Sam Abuelsamid, a senior auto analyst at Navigant Research, told Autoblog, “In my use of the services, I’ve never really found any significant differences, apart from some app design changes. Lyft was first to offer driver tipping in the app, but anything that one does is usually copied by the other before long. Both allow you to set up personal and business accounts, schedule rides and select from different rides at different price points. Both also have car-pooling options in certain locations and allow you to split fares with other riders.”
But let’s look closer, and look at the differences that will matter for heavy ride-sharers. Uber is by far the bigger company, of course, and operates internationally. Uber, in more than 70 countries, had $7.4 billion in global net revenue for 2017, a big gain from 2016. But despite that, it still lost $4.5 billion. Lyft, which operates only in the U.S. and Ontario, Canada, had $1.06 billion in net revenue in the same period (with a $688 million loss), but it is growing faster than Uber and claims it is on track to make a profit.
The size of the companies won’t make much difference when you’re hailing a ride, because Lyft punches above its weight. The booking experience is pretty seamless on both apps. Both will estimate the cost of your ride, and give an estimated time of the driver’s arrival.
Lyft gives passengers the chance to pick a stopover along the way to their ultimate destination, and schedule pickups for later in the day. An Uber advantage, according to DigitalTrends.com, is giving riders an estimate of the arrival time before the car is actually called. As a marketing tool, both services issue credits via their apps that can be used for free rides. Before hailing your first ride, look for promo codes for discounted rides. A friend can give you a referral code, and the companies often have other promotions going on. Lyft has its own list of promos here, and Uber has one here. A Google search could yield more yet.

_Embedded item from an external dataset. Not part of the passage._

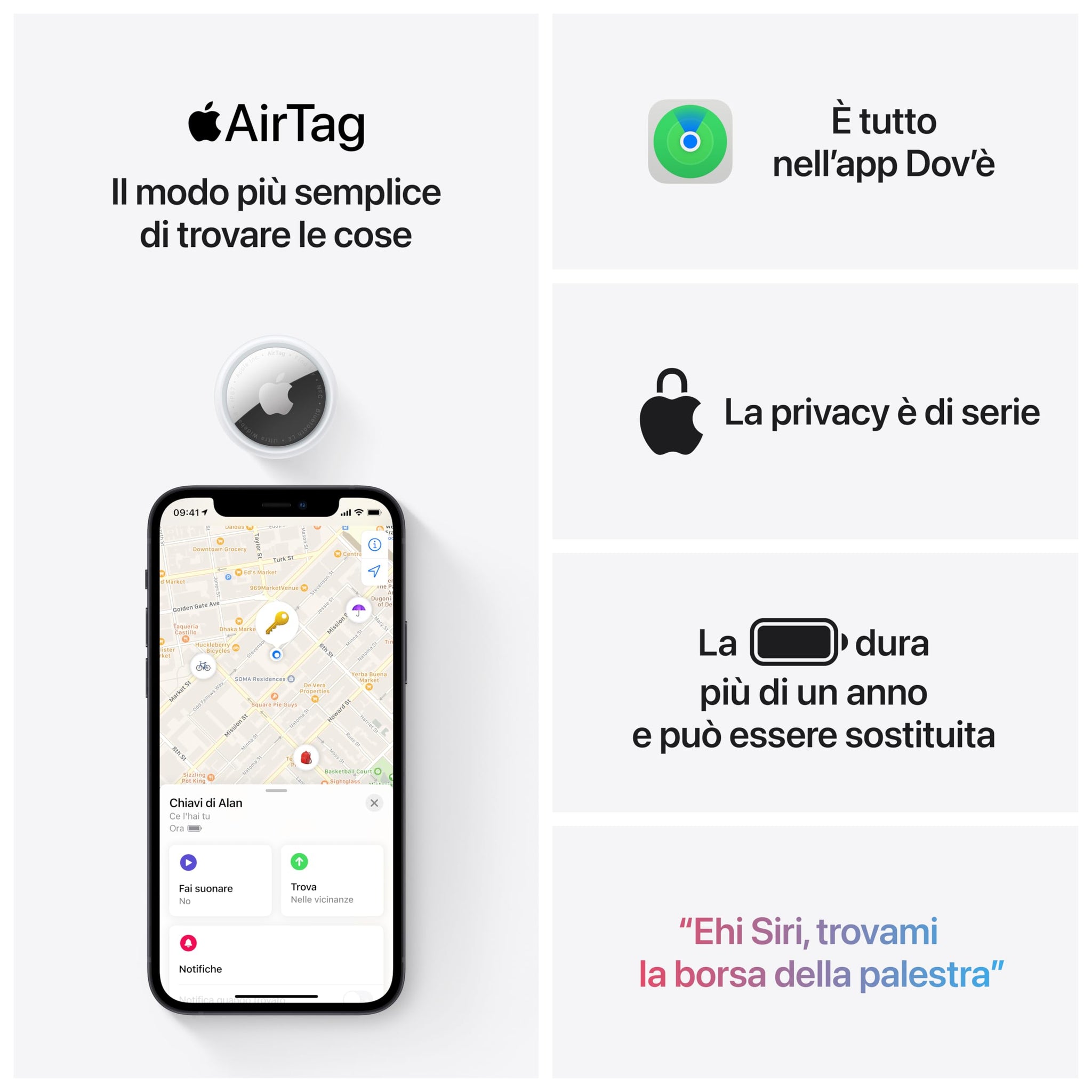 • Per ritrovare un oggetto, puoi far suonare l’altoparlante integrato o chiedere aiuto a Siri

The biggest problem I’ve had with Lyft and Uber is drivers initially failing to locate me, but we eventually connected. Both services will cancel rides after five minutes of waiting time, but Lyft will start billing you a minute after the driver begins to wait; Uber offers a longer grace period, but the wait times vary by city. Both ask you to rate your ride, and both encourage tipping (through the apps or directly to the driver) as part of that process.
Lyft is chummier, and wields a “Friend with a Car” slogan. It encourages customers to ride up front with the driver (who may be in costume on holidays). Uber drivers talk too — a lot, in my experience — but usually only if the passenger (most often in the back) wants an exchange.
Rates get complicated, since both Uber and Lyft offer tiered services, depending on whether you share your ride (UberPool and Lyft Line) or want to ride in style (UberSelect and Lyft Premier and Lux). Uber has wider vehicle selection; for instance, it offers UberSUV, which provides seating for up to six.
They charge similar service fees. Per mile and per-minute charges are very close, and vary according to location. On a rough average, they charge $1 to start a ride, and then $1.50 per mile, plus 25 cents a minute — or around $2 total per mile. The two companies operate in the same cities, so they compete closely on prices. I haven’t found either service particularly easy to negotiate when I thought I needed a refund. Lyft has the more accessible customer service.
Passengers on both services will pay more during times of high traffic. I’ve been hit with expensive rides during conferences. This is called Surge pricing at Uber, and Prime Time at Lyft, and Uber tends to charge higher premiums for it. According to Ridester.com, “Surge charges increase Uber fares about 7X or 8X, while Lyft has been known to increase their prices at least 2X.” That might be a reason to take Lyft if your trips are mostly to big-ticket events.
Lyft drivers make more money, if that’s a concern, around $13.70 per hour for Uber, according to Ridester.com‘s survey, and $17.50 at Lyft. Uber gives larger signing bonuses to drivers.
Both companies will dismiss drivers with bad records. But that doesn’t guarantee you won’t encounter really bad actors, such as the Uber driver who attempted to kidnap a woman who fell asleep in his car.
Ridesharing is getting ready for the coming age of the autonomous car, which should end problems like the one above, but may offer new headaches. Remember Jared getting kidnapped by a self-driving car and taken 4,000 miles out of his way on “Silicon Valley?”